Is Section 230 at risk? The Case Gonzalez versus Google

Nohemi Gonzalez was a 23-year-old senior at Cal State Long Beach who was spending a semester in Paris studying industrial design. She was killed by Islamic State group gunmen in a series of attacks in November 2015 that left 130 people dead (see here: She was the only American among the victims.

Her family described her as a bright, ambitious, and creative young woman who loved to travel and learn new things. According to the Washington Post she had dreams of becoming a successful designer and making a positive impact on the world.

US Supreme Court Gonzalez versus Google

Gonzalez versus Google

Her family filed a lawsuit against Google in 2016, seeking damages for wrongful death and emotional distress. They claim that Google’s YouTube platform enabled ISIS to recruit, radicalize, and incite violence through its videos, and that Google failed to take adequate measures to prevent or remove such content.

The lawsuit is one of several that have been filed against internet companies by victims of terrorism or their families, challenging Section 230’s immunity for online platforms.

The lawyers in Gonzalez v. Google are Eric Schnapper, a law professor at the University of Washington, who represents the plaintiffs (Gonzalez’s family and other victims of terrorism). He argues that Google is liable for promoting ISIS videos through its YouTube algorithm.

On the other side there is Neal Katyal, a former acting solicitor general and a partner at Hogan Lovells, who represents Google. He argues that Google is immune from liability under Section 230 for any third-party content on YouTube, regardless of how it is displayed or recommended.

The case was filed in 2016 in a federal district court in California. It was dismissed by the district court and affirmed by the Ninth Circuit Court of Appeals on Section 230 grounds. The Supreme Court granted certiorari (agreed to hear) the case in October 2022.

The plaintiffs (Gonzalez’s family) argue that Google is not immune from liability under Section 230 because it acted as a content provider, not just a platform. They claim that Google’s algorithm actively recommended ISIS videos to users who were interested in radicalization, and that Google profited from advertising revenue generated by those videos. They also argue that Section 230 does not apply to claims based on international law or human rights violations.

The defendant (Google) argues that Section 230 protects it from any liability for third-party content on YouTube, regardless of how it is displayed or promoted. It claims that its algorithm is not editorializing or endorsing any content, but simply reflecting user preferences and interests. It also argues that Section 230 applies to all types of claims, including those based on international law or human rights violations1. Meanwhile other big players like for example Wikipedia by their Wikimedia Foundation commented a couple of days ago that they expect Section 230 to stay the way like it it arguing else the freedom of speech in Internet could be at risk. Firms like Reddit, Twitter, Microsoft as well as tech critics like the Electronic Frontier Foundation have filed letters to the court arguing that making platforms liable for algorithmic recommendations would have grave effects on free speech and internet content.

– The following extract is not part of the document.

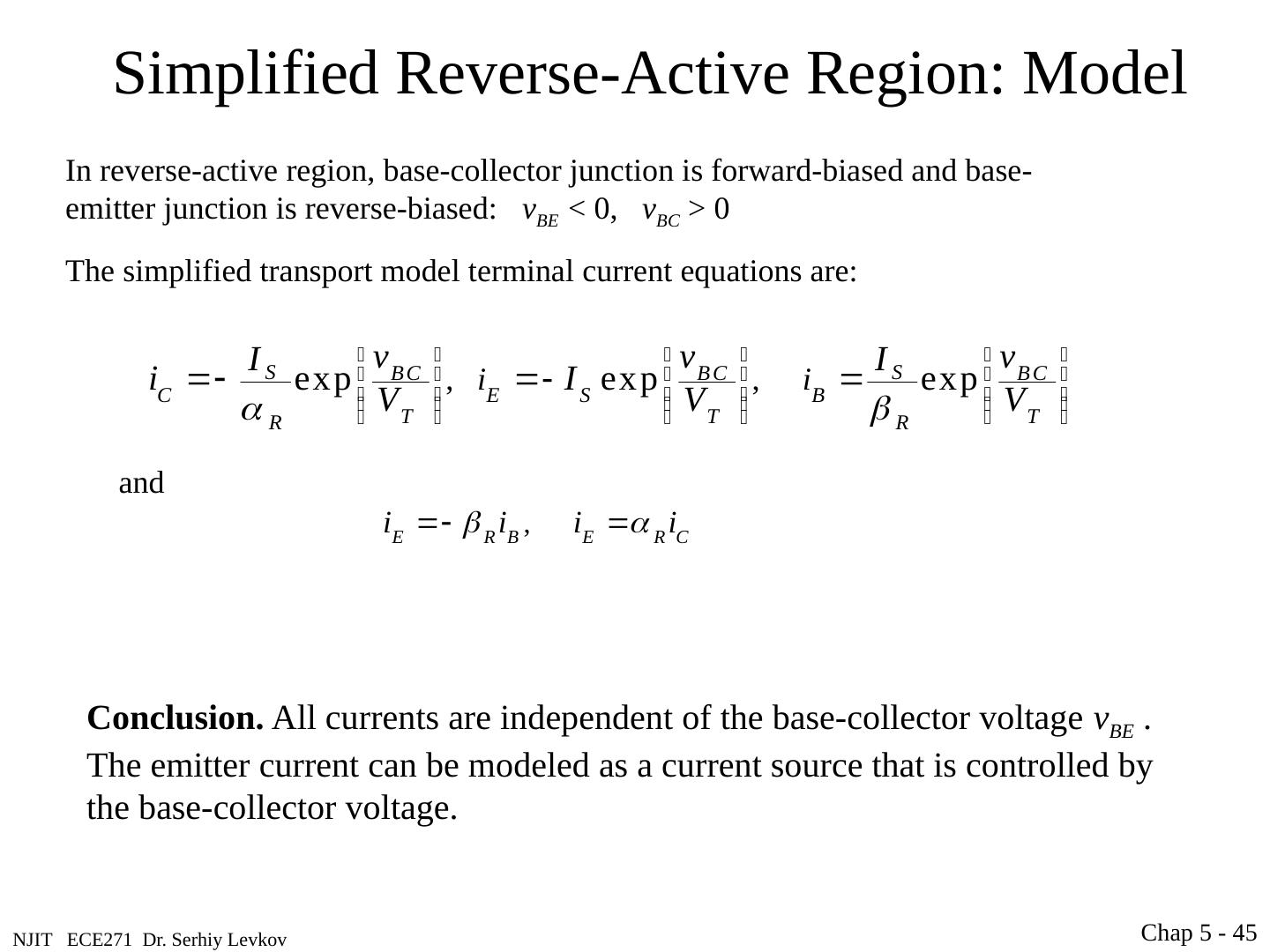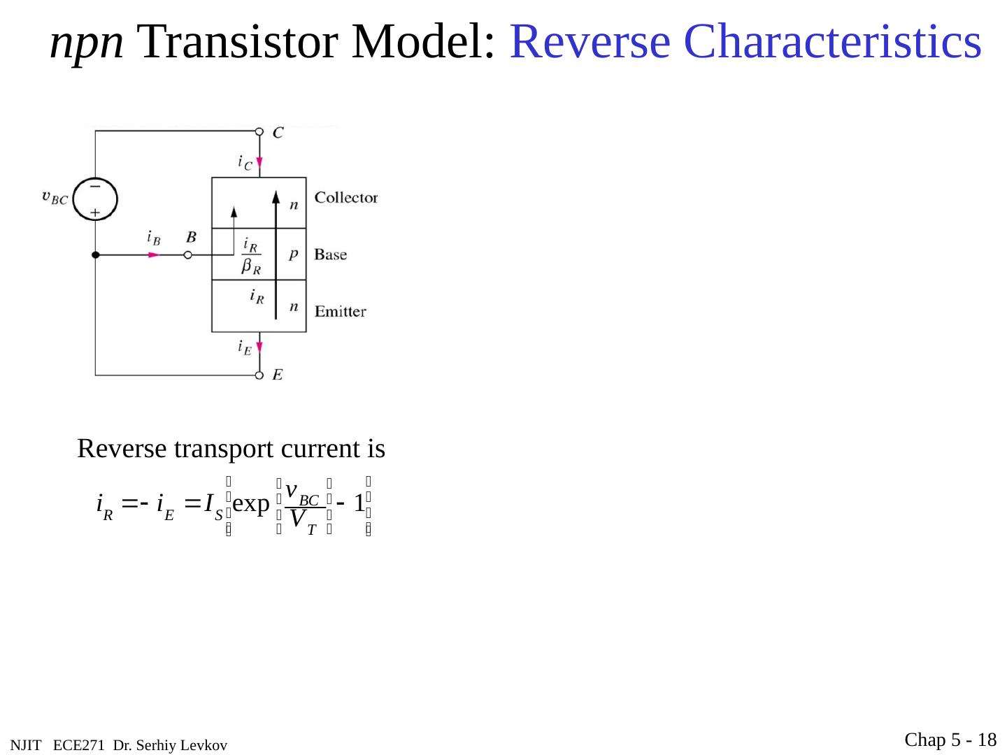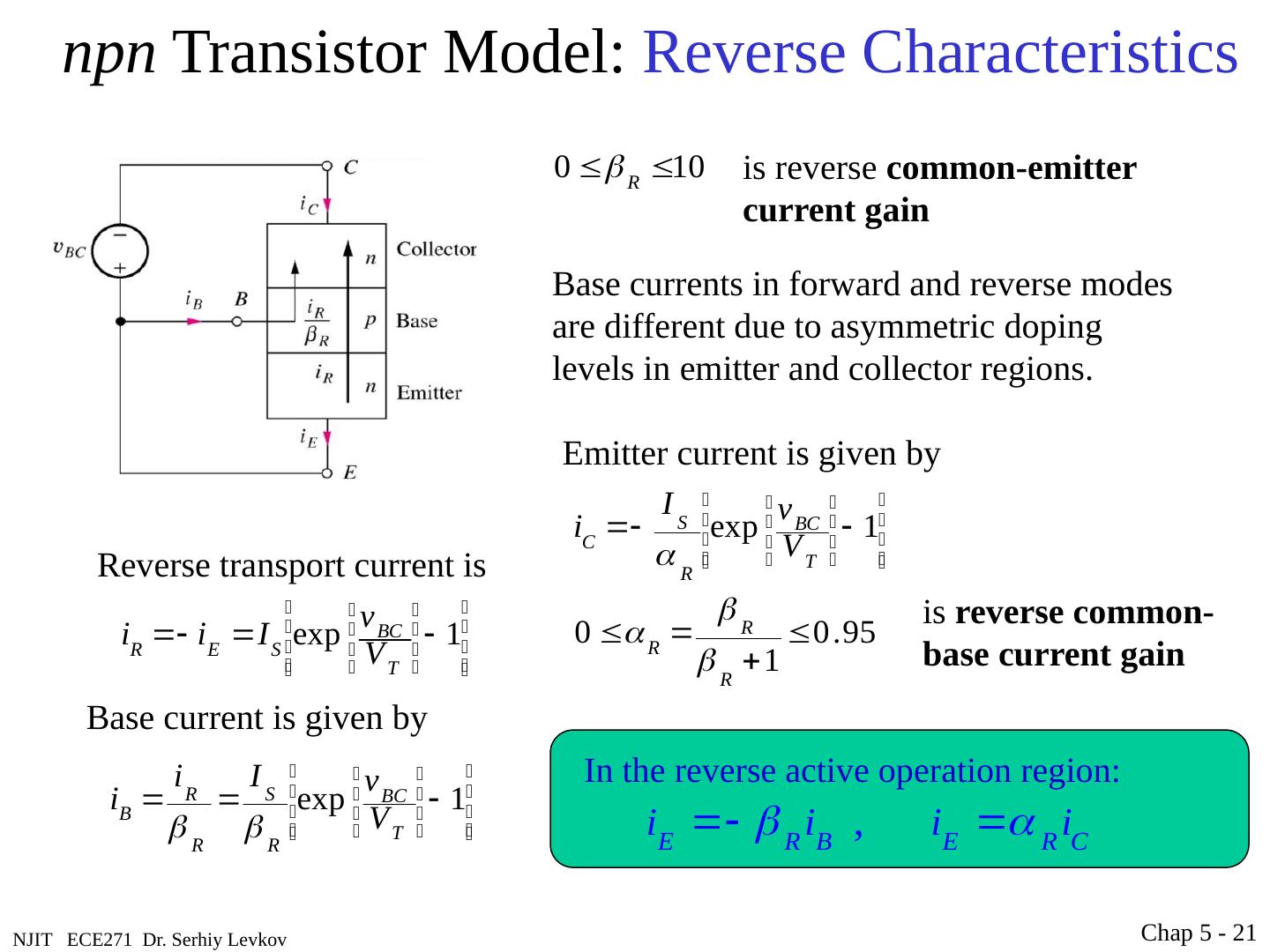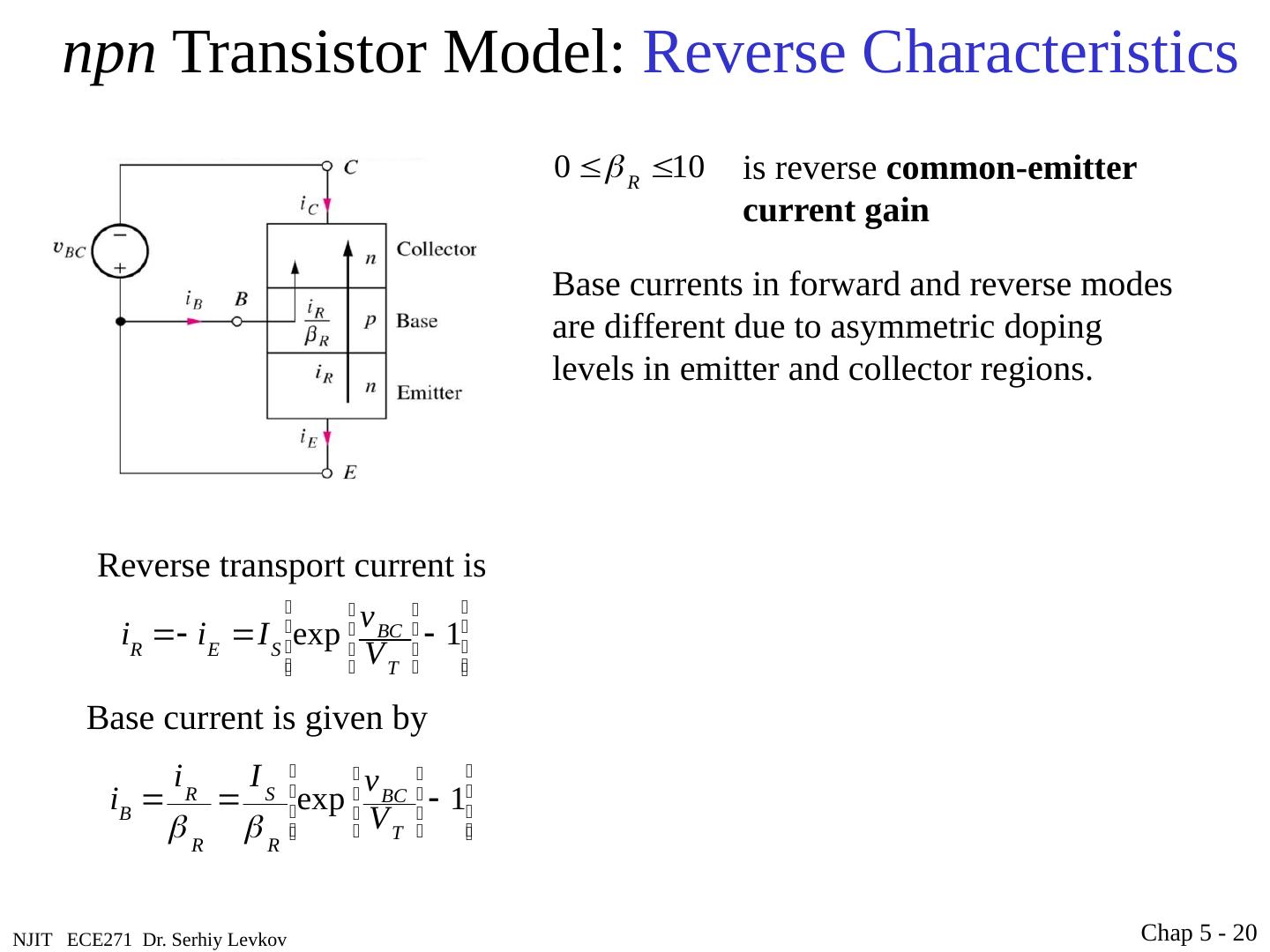 19 .NJIT ECE271 Dr. Serhiy Levkov npn Transistor Model: Reverse Characteristics Reverse transport current is Base current is given by Chap 5 - 19 is reverse common-emitter current gain

The Supreme Court will have to decide whether Google’s algorithm qualifies as an interactive computer service or an information content provider under Section 230, and whether Section 230 has any exceptions or limitations for certain types of claims. They had its first hearing on the 21st of february.

Twitter versus Taameneh

Later this week there will be a second hearing in a similar case: The case of Twitter v Taameneh. Family members of the victim of a 2017 terrorist attack allegedly carried out by IS charged that social media firms are to blame for the rise of extremism. The case targets Google as well as Twitter and Facebook.

What is the purpose of Section 230?

Section 230, enacted in 1996, shields companies like YouTube, Twitter, and Facebook from legal liability for user-posted content. According to civil liberties organizations, the Act also provides vital protections for free expression by granting internet platforms the right to host a wide range of information without undue censorship.

In this case, the Supreme Court is requested to rule on whether the immunity given by Section 230 extends to platforms that make “targeted suggestions of information” in addition to hosting content. The outcome of the case will be closely monitored, according to Paul Barrett, deputy director of the NYU Stern Center for Business and Human Rights.

“What’s at stake here are the standards for online free expression,” he explained. “This case might help determine whether the big social media platforms continue to provide places for all forms of free expression, from political debates to people publishing their art and human rights activists telling the world what’s wrong in their nations.”

A ban on algorithmic suggestions would have an impact on almost every social media network. As Facebook debuted its Newsfeed, an algorithmically controlled homepage that offers material to users based on their online activities, in 2006, most moved away from simple chronological feeds.

Barrett claims that limiting this technology will change the face of the internet. “That’s what social media does: it suggests material.”